Auf diese Weise verkauft er rund die Hälfte seiner Ski direkt in seinem Fabrikladen. Die andere Hälfte geht an Sportgeschäfte von Sörenberg über Saas-Fee bis Zermatt, «meist für die Vermietung». Übers Internet hingegen setzt er kaum Ski ab – «zu unpersönlich».
Das Geschäft verlangt viel vom passionierten Skifahrer, der nur selten noch auf der Piste anzutreffen ist – meist als Berater bei Skitests. Immerhin gönnt sich Unternährer im Sommer jeweils ausgedehntere Ferien mit seiner Frau («um die Welt ein wenig kennen zu lernen»), zwischendurch auch gerne einen Städtetrip mit seinen zwei erwachsenen Kindern. «Meine Familie ist ein wichtiger Ausgleich – quasi mein Hobby.»

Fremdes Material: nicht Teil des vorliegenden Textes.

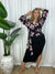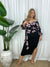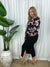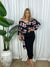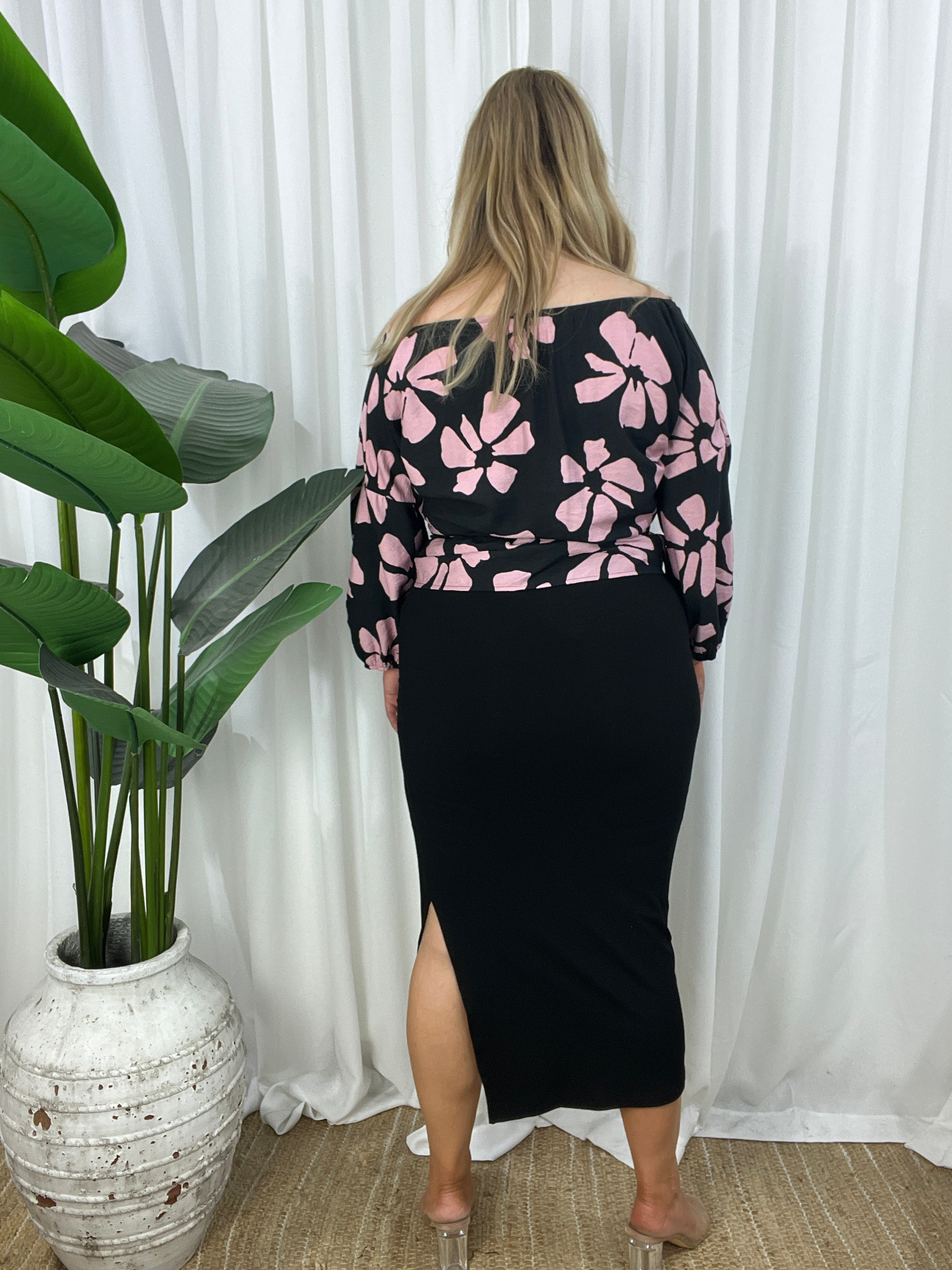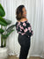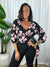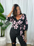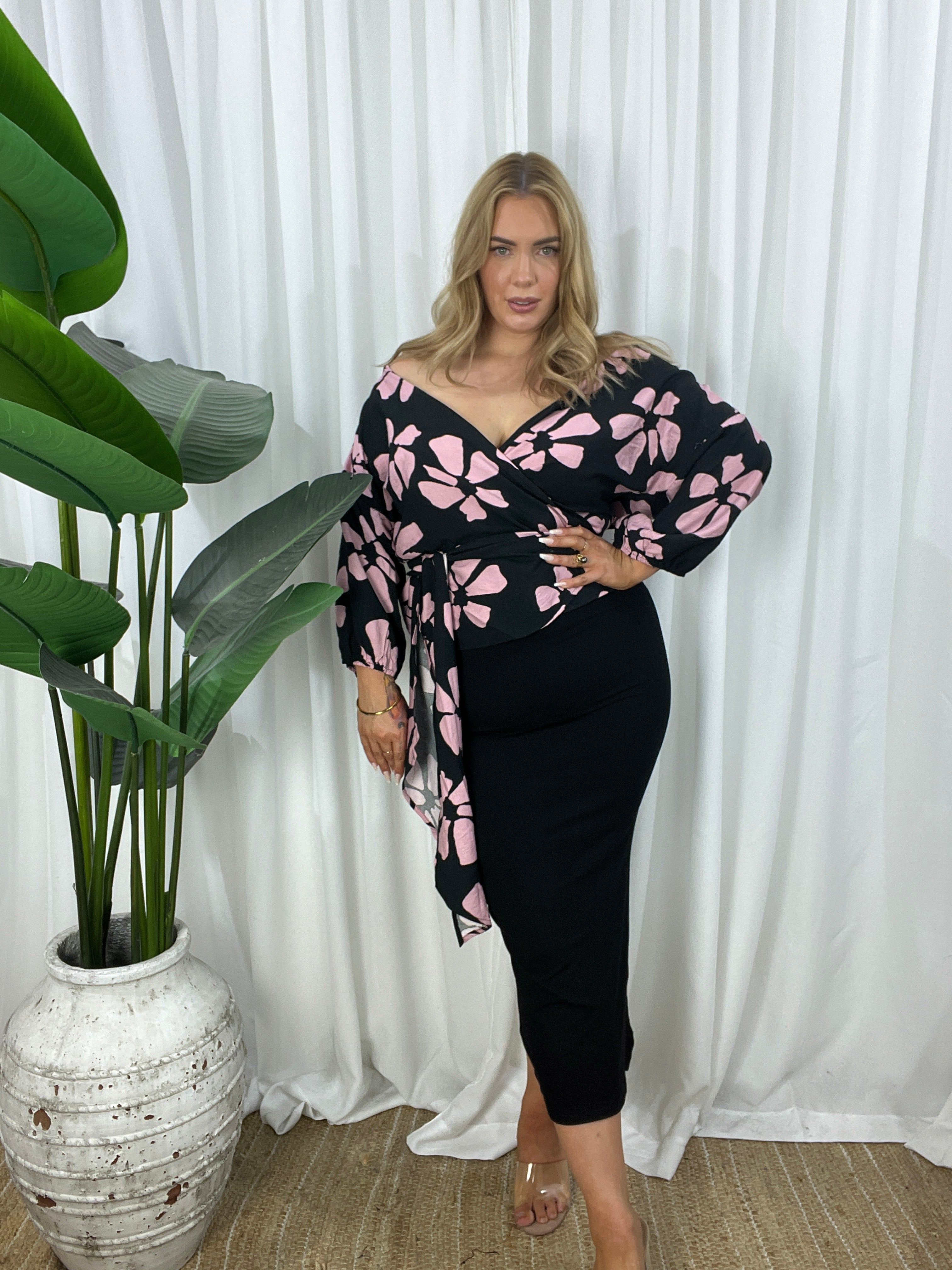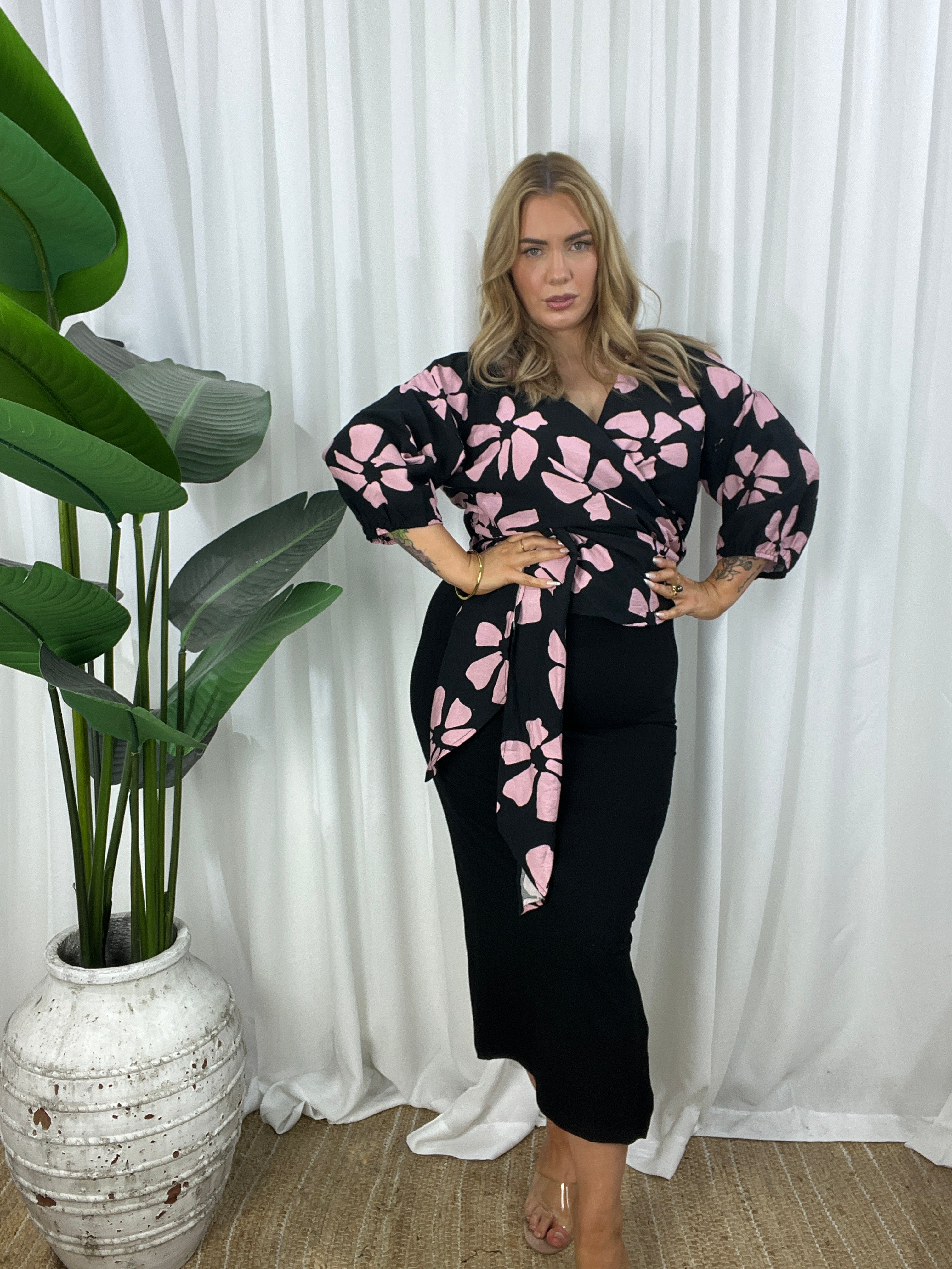 - Design: Wrap top with tie detail, small elastication around back of neck to allow to be worn off shoulder. Black base with pink abstract floral print
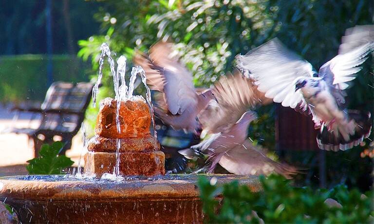 Birds usually like shelter, so placing a birdbath near bushes, trees, or other sheltered places is likely to use it. It is best to keep the birdbath out of direct sunlight so that the water is not too hot and undesirable. Always placing the birdbath in a cool, shady spot can greatly reduce the rate of water evaporation so it doesn't dry out as quickly.
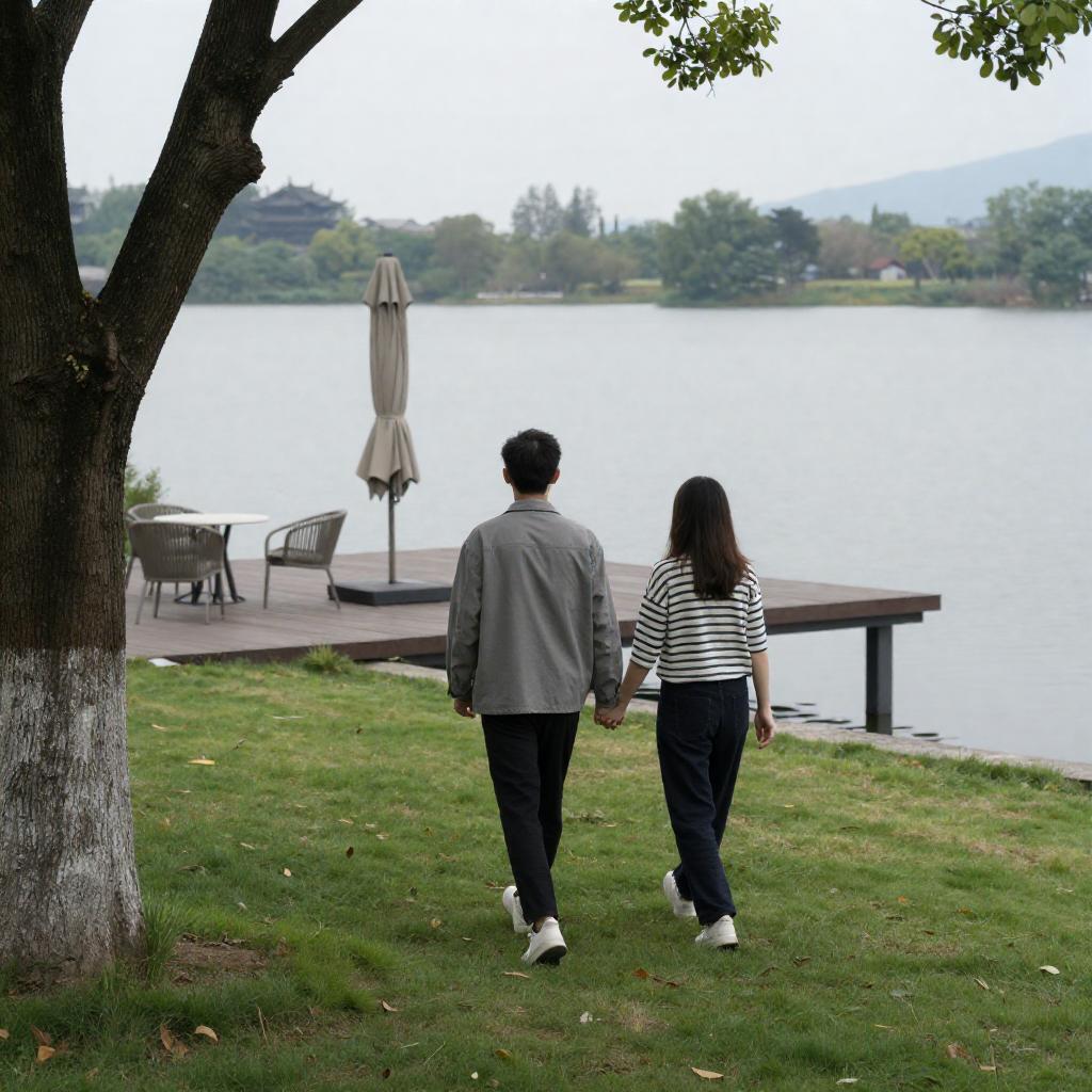 Sunlit Couple in Ancient Temple Courtyard
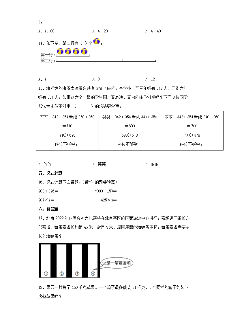 2021-2022学年北京市东城区小学三年级上册期末数学试卷及答案(Word版)06-15
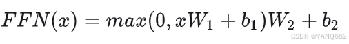 # FeedForward dimension (两次线性层中的隐藏层 512->2048->512,线性层是用来做特征提取的),当然最后会再接一个projection层
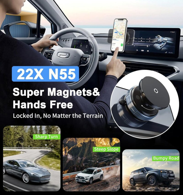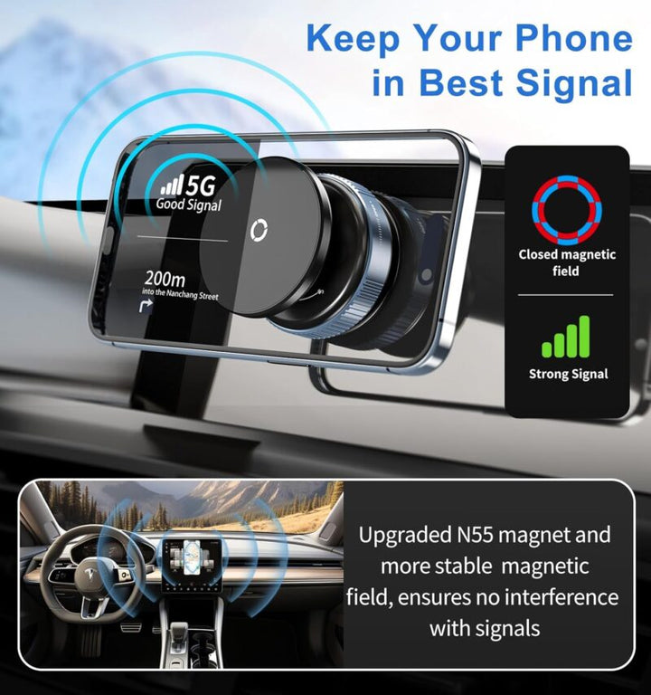 • 🧲 Magnétisme puissant : maintien sécurisé de votre téléphone, même sur routes cahoteuses.
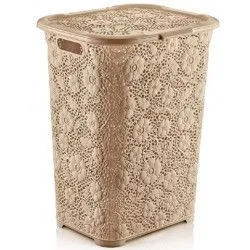 Корзина для белья 50л ажурная бежевая
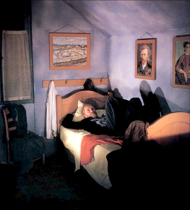 J’entrevis une solution : lorsque Van Gogh pénètre dans la maison, il y a un gros plan sur une lampe. Elle diffuse une lumière très proche des tons de Van Gogh, que nous pouvions, sans trop d’artifices, restituer. Van Gogh passe par différents stades : il se contemple dans le miroir et exècre l’image que celui-ci lui renvoie. Son visage se raidit. Il fait un pas en avant ; on aperçoit dans le miroir le reflet de la lampe ; il n’y a aucun bruit… Soudain, Van Gogh hurle de douleur. La scène est entrevue à travers le miroir : Van Gogh chancelle, sa main ensanglantée lui couvrant l’oreille… Kirk trouvait la solution ingénieuse. Lui-même fut prodigieux au cours de cette scène difficile. » [Tous en scène – Vincente Minnelli (1985)]
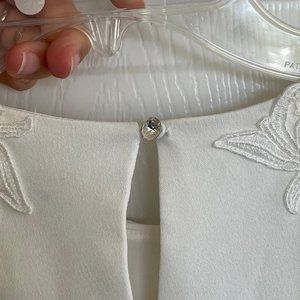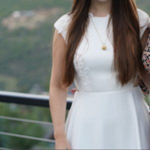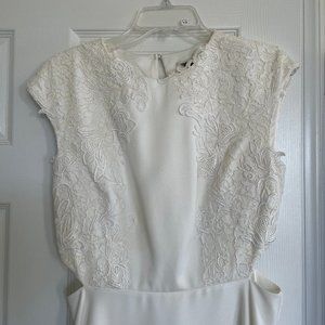 I wore this spectacular dress to my rehearsal dinner and am ready to pass it on! Spectacular midi length Ted Baker bright white dress with detailed lace applique and side cutouts. Great stretchy fabric that doesn't wrinkle easily. It has lots of beautiful details, like the sparkly button closure in the back. The first two photos are stock photos I found online, and the rest I took. You can see a photo of me wearing it—it's a Ted size 3 which is about the same as a US 8.
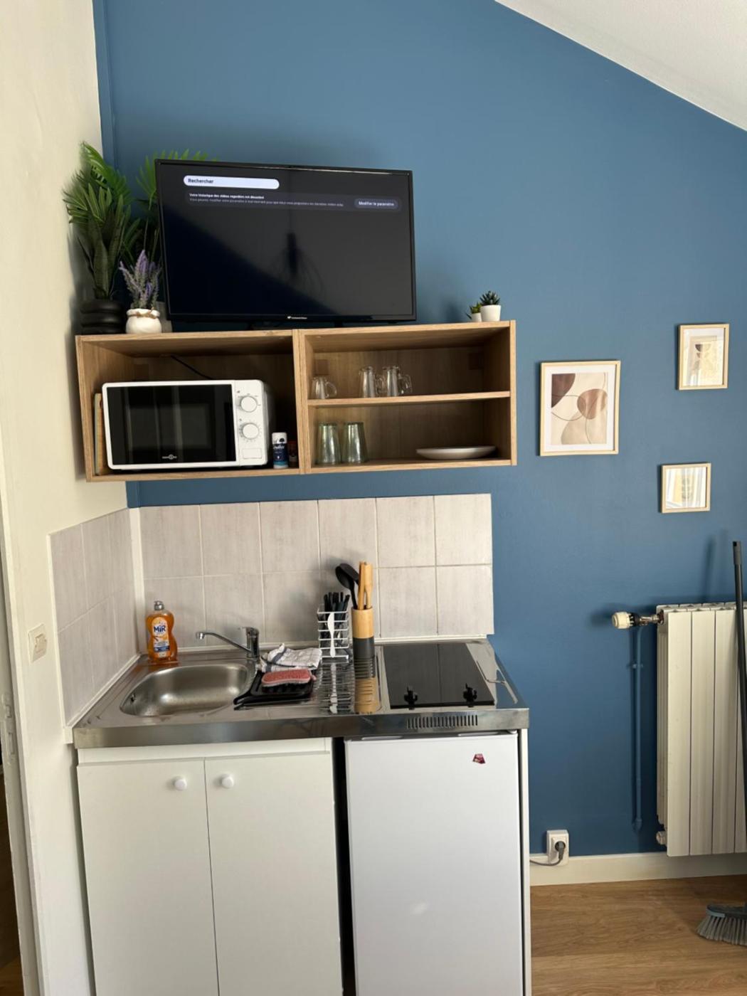 Cet appartement comporte 1 chambre, une télévision à écran plat, ainsi qu’une kitchenette.

Seine Umtriebigkeit und der Glaube an sein Produkt haben sich aber ausbezahlt: Unlängst hat er seine Entlebucher Edelski sogar auf einer Wintersportmesse in Peking ausgestellt. Der Unternehmer Unternährer hat Appetit bekommen auf mehr und will sich auch ein Stück vom riesigen chinesischen Markt sichern. Sein Auftritt hat denn auch einen chinesischen Händler überzeugt – das erste Paar Ski ist bereits in den Fernen Osten verfrachtet worden. Viele weitere sollen folgen. Das ist für Unternährer nicht nur eine grosse Genugtuung, sondern auch ein grosser ökonomischer Erfolg.